Why it is popular? easy to code, easily predict the model


# Conditional Probability:
Conditional Probability is the probability of a certain event (A) given that another event has occurred (B).

The conditional probability of A given B is defined as the quotient of the probability of the joint of events A and B, and the probability of B:

$$P(A | B)=\frac{P(A \cap B)}{P(B)}$$

where  $P(A \cap B)$  is the probability that both events A and B occur.

# Bayes Rule:
The bayes rule is a way of going from P(A|B) known to the training dataset to find P(B|A)

$$P(A | B)=\frac{P(B | A) P(A)}{P(B)}$$
this is called bayes rule
$$
{posterior} =\frac{\text { likelihood } \times \text { prior }}{\text { evidence }}
$$
where:
$\frac{P(B | A)}{P(B)}$ is liklihood ratio

**Posterior probability P(A|B) :** It is equals the prior probability times the liklihood ratio.
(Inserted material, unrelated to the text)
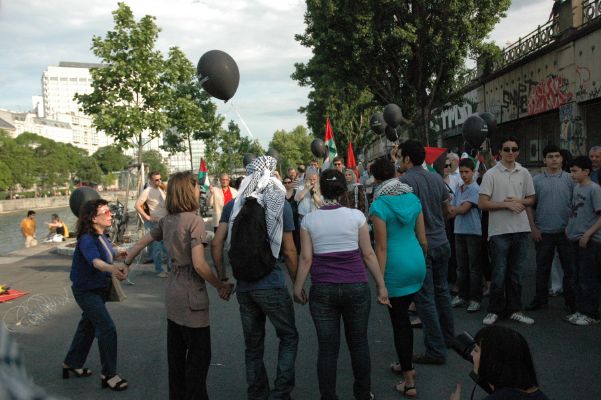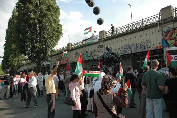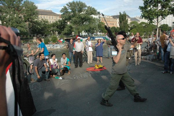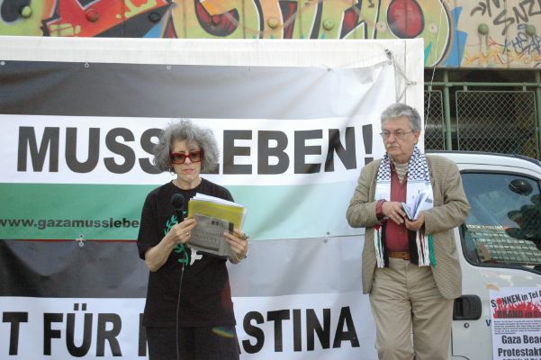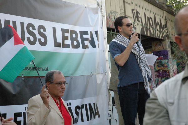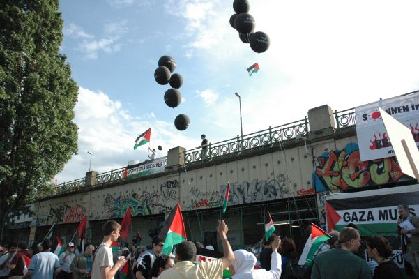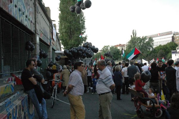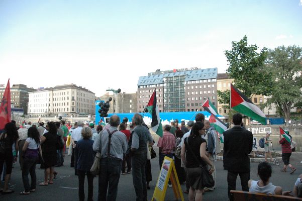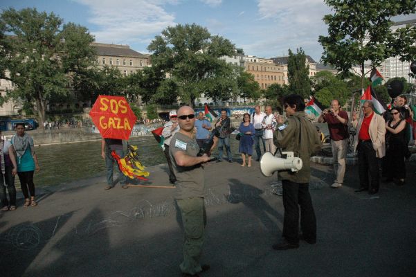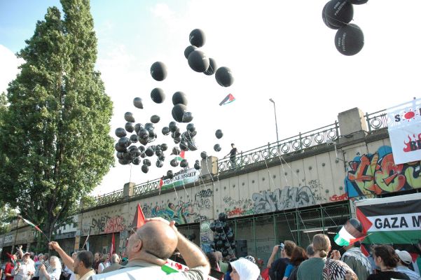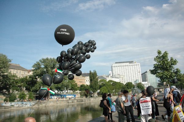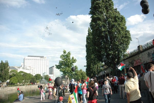 نظم الاعتصام مبادرة “دعوا غزة تعيش” وبمشاركة العديد من أعضاء الجمعيات والمنتديات العربية والإسلامية وناشطين متعاطفين مع القضية الفلسطينية. ورفع المشاركون الأعلام الفلسطينية ولافتات باللغتين العربية والألمانيه تطالب بمحاكمة قادة إسرائيل كمجرمي حرب، في حين انطلقت كتل من البالونات السوداء فوق قناة الدانوب وكتب عليها “الحرية لفلسطين”.

OR The probability of hypothesis after getting the evidence

**Prior probability P(A) :** The probability of hypothesis before getting the evidence   

**Likelihood probability P(B|A):**  It is the condition probability of each B's given 'A' is of particular class 'C'
P(A|B) is a conditional probability: the likelihood of event 'A' occurring given that  'B' is true.

**Marginal Likelihood probability P(B):** this is the total probability of observing the evidence also called as **Mixture of Gaussian** , **Partition Function** , **Total probability**.

# Bayes Theorem:
It is a way of finding a probability when we know certain other probability.
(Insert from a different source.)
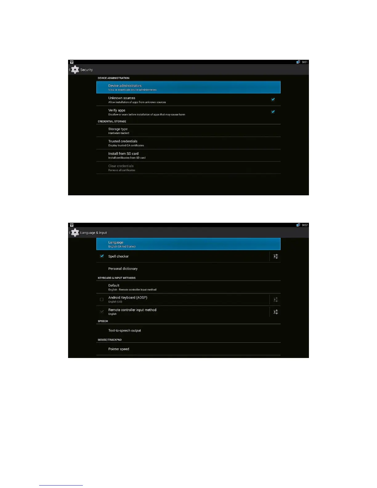 Prijector PR-N101+ - Security; Language & input

It tell us: how often A happen given that B happen P(A|B)

When we know:  how often B happens given that A happen P(B|A)

so the formula kind of tells us **Forward** P(A|B) when we know **Backward** P(B|A)

*Bayes theorem is derived from conditional probabilities*

*Bayes theorem is an extension of conditional probability and it helps to use one conditional probability to calculate another one.*

Bayes' theorem is how to flip conditional probability. If you know P(X|Y) (the probability of X given Y), Bayes' theorem tells you how to calculate P(Y|X).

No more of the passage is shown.